We’re taking the principles that helped giffgaff revolutionise the mobile industry and doing the same to the financial world. We’re about shaking up the way people think about their finances and building a genuine community platform to enable people peer-to-peer conversations on all things money, as well as providing cutting edge products.
How is your workplace culture (brand image) reflected in your recruitment?
We take a very informal approach to recruitment here, compared to most. First rule: no suits.
We don’t have a set interview process here, we let hiring managers roll with what they want to do. For example, the software team like to have a game of pool at the start of the interview to help get to know candidates better, whereas the Business Intelligence team like to take some candidates to the pub for a drink at the end of an interview, to see how they’d fit into the team.

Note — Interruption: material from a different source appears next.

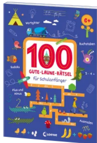
100 Gute-Laune-Rätsel für Schulanfänger Taschenbuch

Finally, all our interviews are very much two-way conversations. It’s as much about you finding out what you need to decide if this is the right place to work as it is us assessing you, no matter how trivial some things may seem. If it’s important to you that there is milk in the coffee machine at 4pm on a Friday, ask about it!
What can people do in their spare time to make themselves more employable?
Show a passion for your career. If you’re a software developer, we like to see people who live it! Working on projects on GitHub or building apps for fun – this display of passion will put you above the rest in our eyes.
What are definite mistakes others can learn from for future interviews?
Know your CV. There is nothing worse than someone who has embellished their CV and forgotten what they’ve written. Also, always prepare questions for us at the end! You don’t want an awkward silence after an interviewer asks “have you got any questions for us?” It shows you’re either not passionate or not interested in our company and you won’t be getting an invite back for a second interview. Finally, I’d say don’t complain about your current or previous employer. You may have genuine reasons for your feelings towards them, but displaying them in an interview shows us that you hold grudges and may not be a team player. If you’re asked why you’re leaving, handle it with class!
What is the worst thing someone has ever done during an interview?
Wow, good question. I think the worst thing I’ve witnessed so far is someone answering a phone during an interview. This is fine for an emergency, of course, but when he came back into the room and we asked if he needed to leave, he replied with “Nah, carry on. It was just my mate.” Unbelievable! Safe to say, he didn’t get hired.